What you should do:
Starting at the line that contains "(μS·cm−1) | |", write out each line through the end of the data below, exactly as it stands. Skip any pictures.

Supplied material:
################

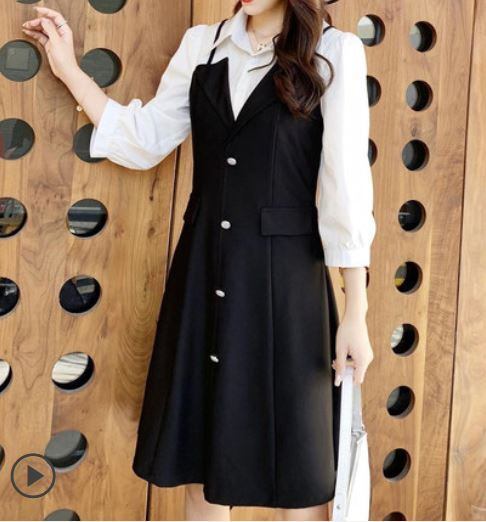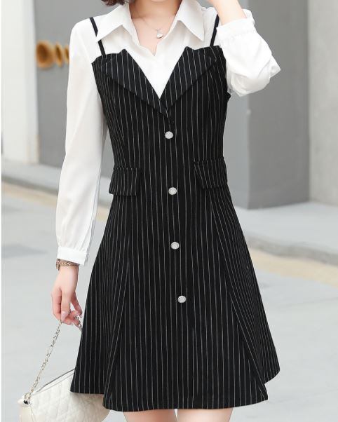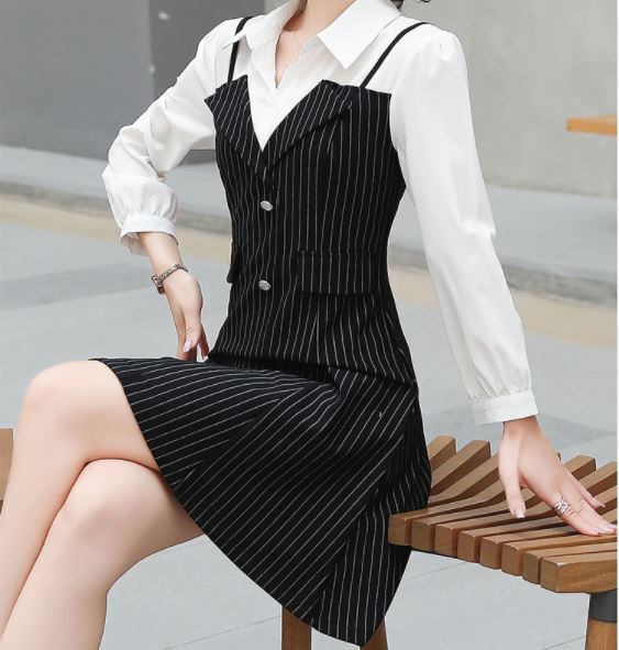 シンプルな無地デザインの長袖ブラウスとミニ丈ワンピースのツーピースです♪
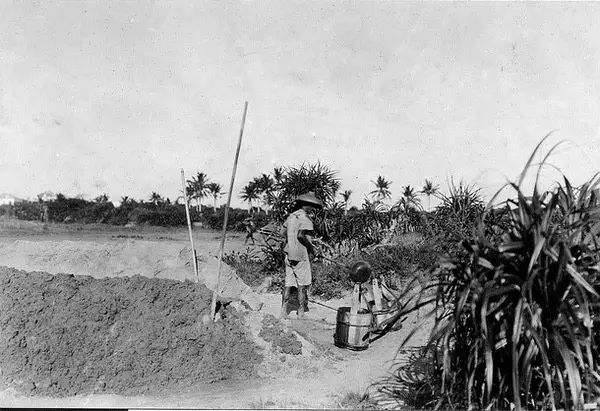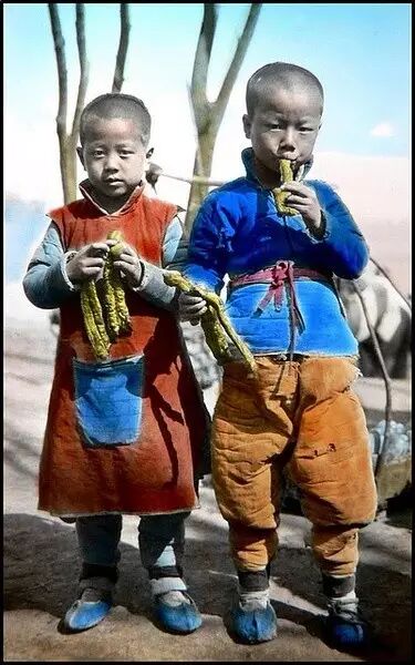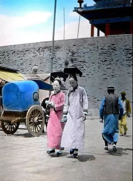 中国购买的飞机用绳子拉到汉口机场,途经一个小镇时,与人力车行构成了显明的对照。
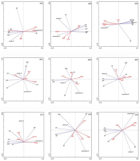 | NO3−N (mg·kg−1) | TN (g·kg−1) | TP (g·kg−1) | SUC (mg·g−1·24 h−1) | URE (mg·g−1·24 h−1) | CAT (mg·g−1·20 min−1) | TOC (g·kg−1) | AKP (mg·g−1·24 h−1) | AP (mg·kg−1) | pH | EC (μS·cm−1) | |
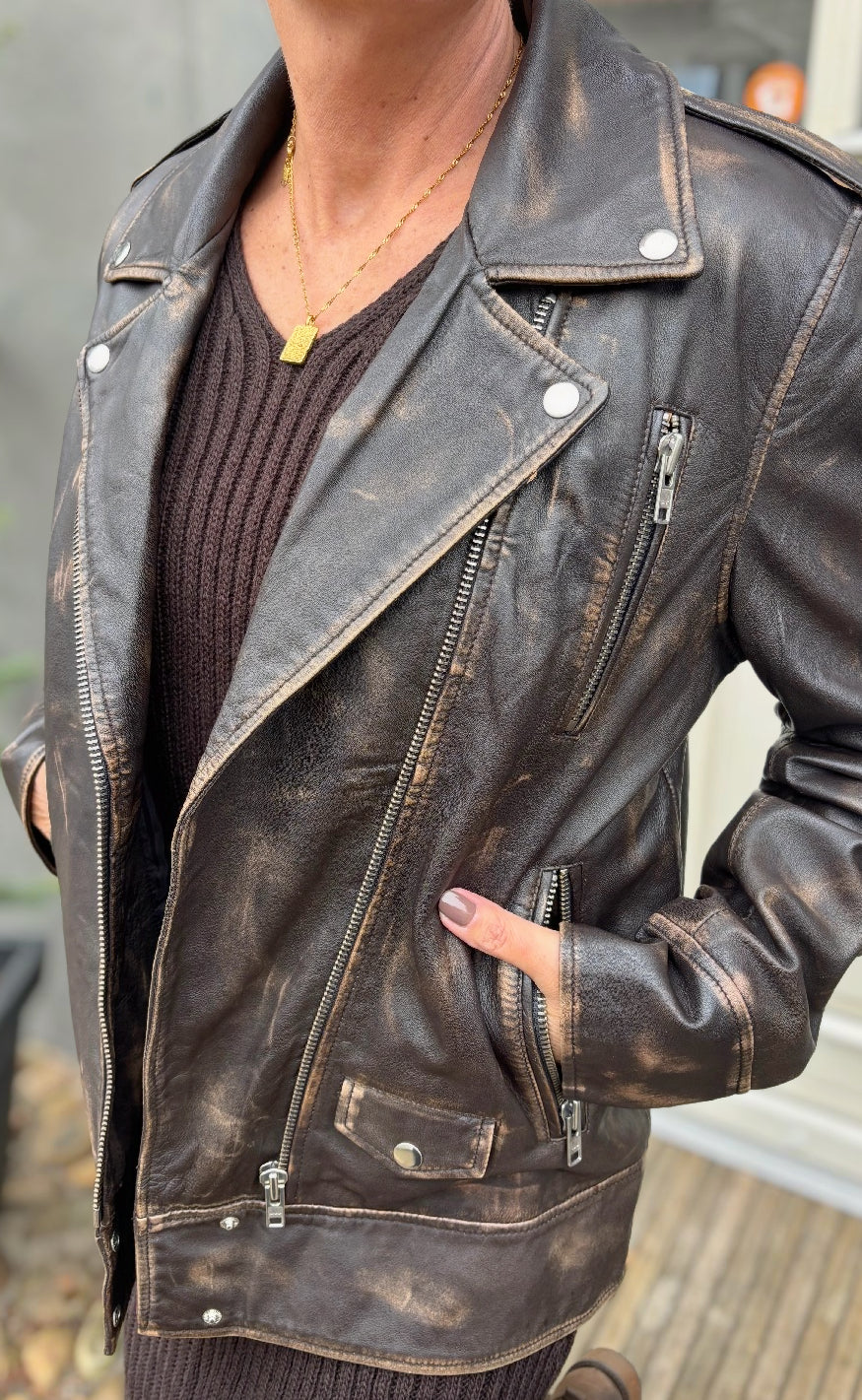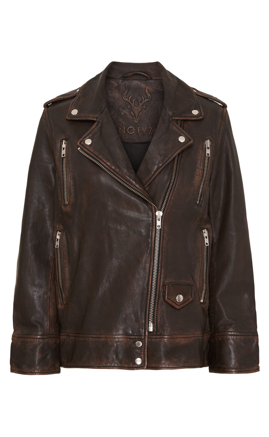 Notyz Jakke - Oversized Biker - Walnut w. Silver acc.
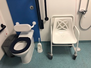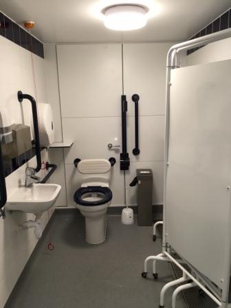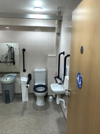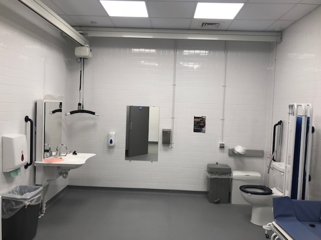FACILITIES: Bench – Height Adjustable, Adult Sized, Free Standing | Hoist – Ceiling | Peninsular Toilet | Non-Slip Floor | Floor Space (sq. m) – 7 | Emergency Alarm | Privacy Screen | Paper Roll | Radar Key | Managed | Locked Accessible Shower
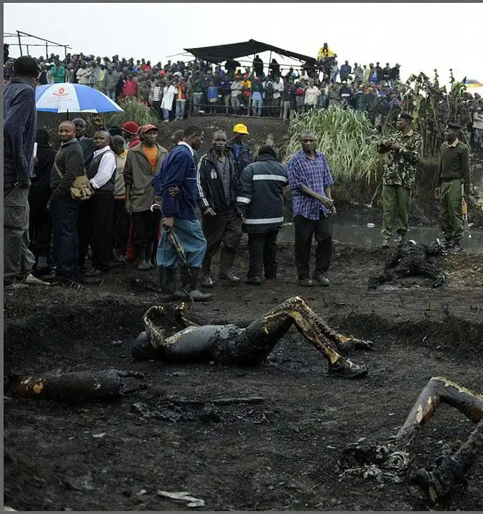 Кенийские бедняки собирали разлитую нефть, когда на нефтепроводе прогремел взрыв.
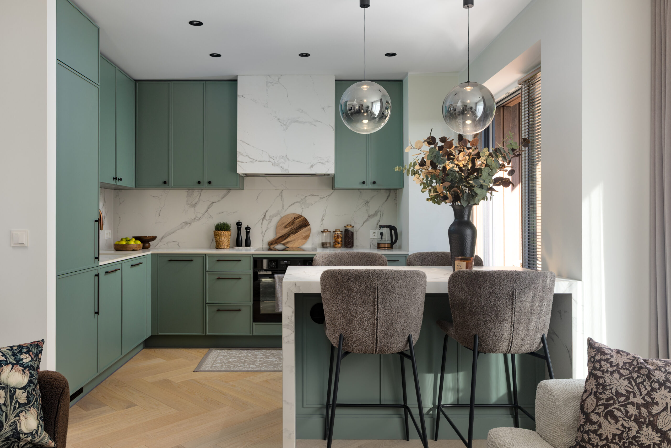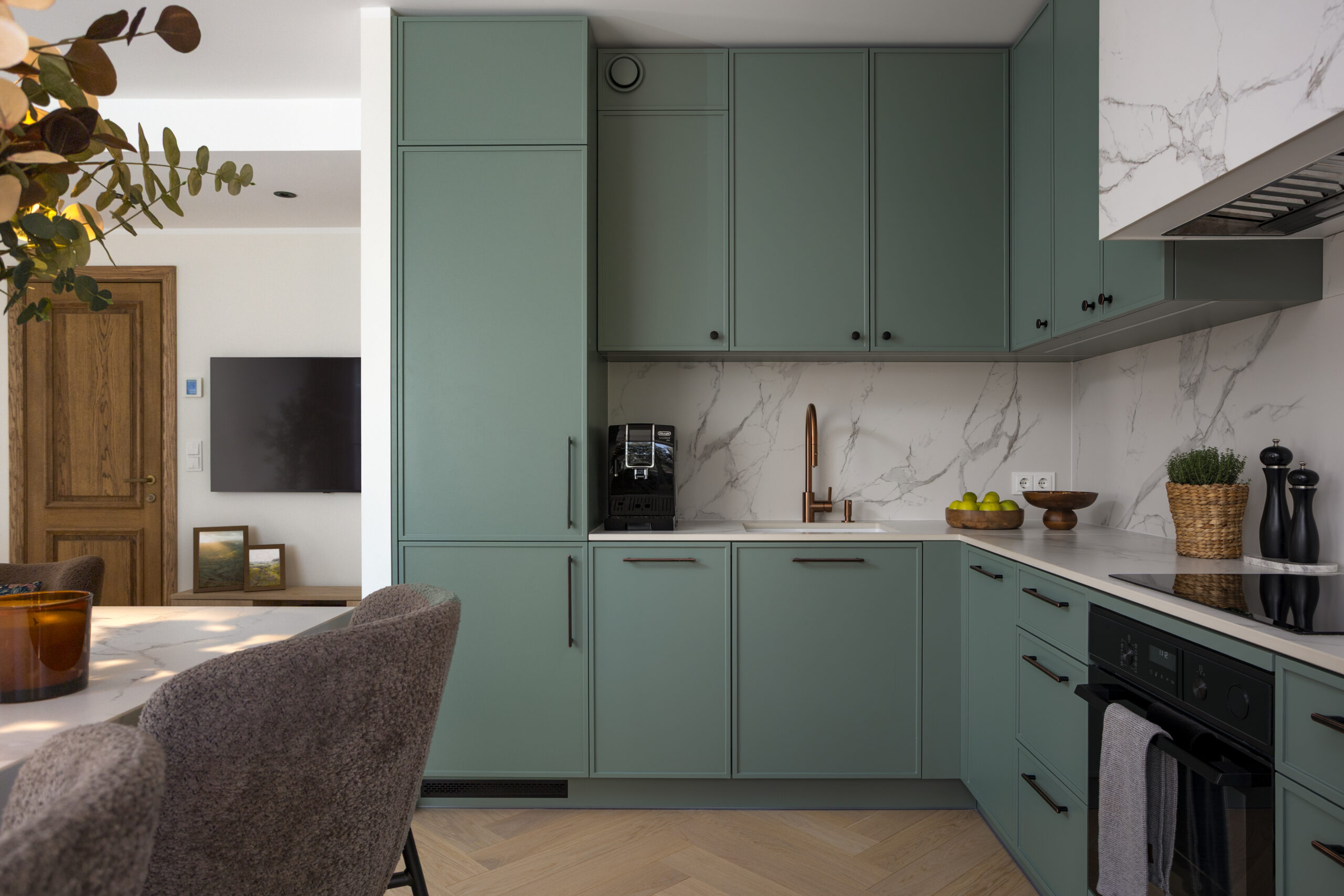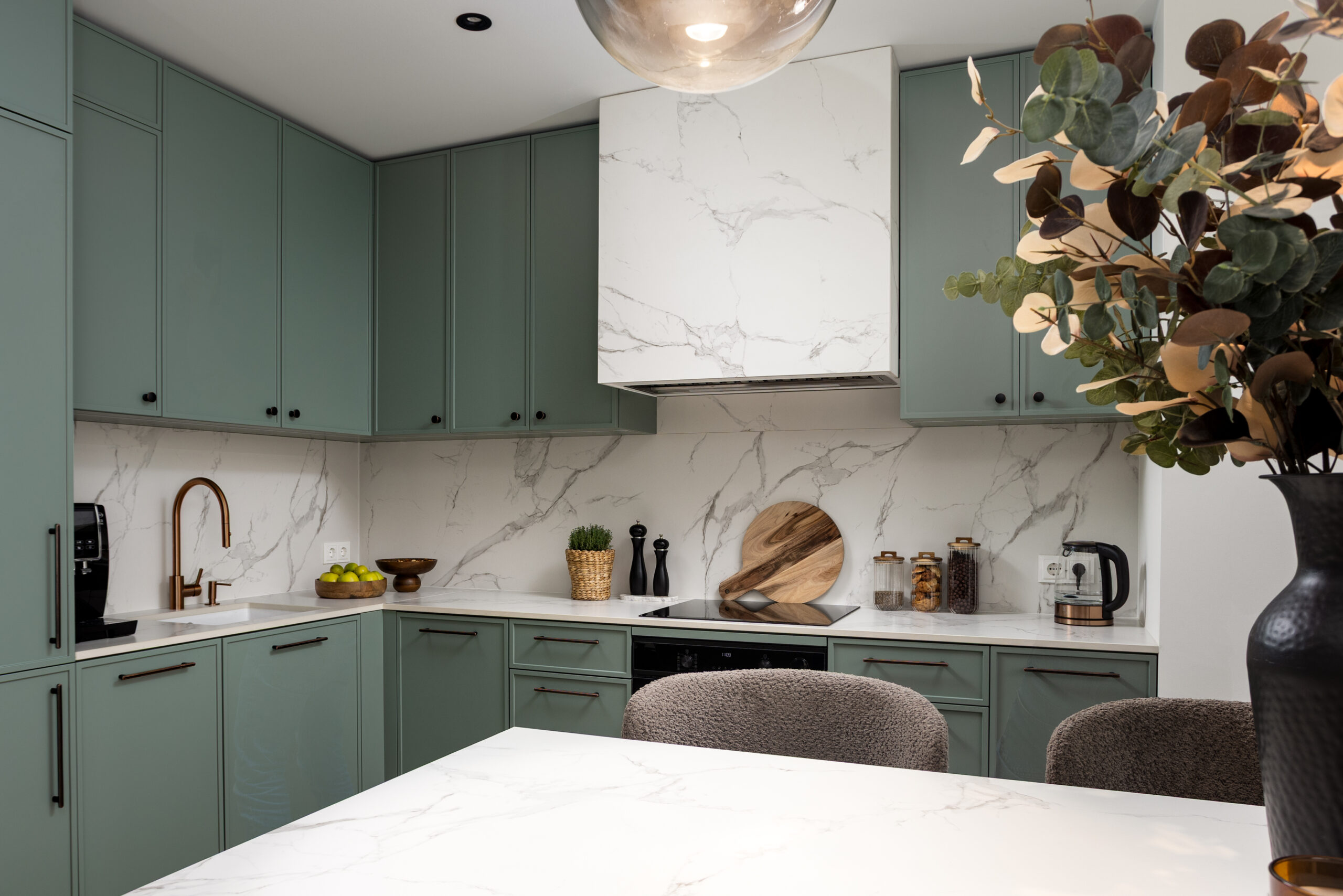 Köök on kujundatud rahulikuks ja ajatuks tervikuks, kus moodne klassika väljendub tasakaalus vormides, läbimõeldud funktsioonides ja vaoshoitud materjalivalikus. Salveirohelised kapid loovad pehme, looduslähedase tausta, mida tasakaalustavad heledad marmormustriga nii töötasapind kui ka tagasein.

################

Result for this task:
 | NO3−N (mg·kg−1) | TN (g·kg−1) | TP (g·kg−1) | SUC (mg·g−1·24 h−1) | URE (mg·g−1·24 h−1) | CAT (mg·g−1·20 min−1) | TOC (g·kg−1) | AKP (mg·g−1·24 h−1) | AP (mg·kg−1) | pH | EC (μS·cm−1) | |
 Notyz Jakke - Oversized Biker - Walnut w. Silver acc.
FACILITIES: Bench – Height Adjustable, Adult Sized, Free Standing | Hoist – Ceiling | Peninsular Toilet | Non-Slip Floor | Floor Space (sq. m) – 7 | Emergency Alarm | Privacy Screen | Paper Roll | Radar Key | Managed | Locked Accessible Shower
 Кенийские бедняки собирали разлитую нефть, когда на нефтепроводе прогремел взрыв.
 Köök on kujundatud rahulikuks ja ajatuks tervikuks, kus moodne klassika väljendub tasakaalus vormides, läbimõeldud funktsioonides ja vaoshoitud materjalivalikus. Salveirohelised kapid loovad pehme, looduslähedase tausta, mida tasakaalustavad heledad marmormustriga nii töötasapind kui ka tagasein.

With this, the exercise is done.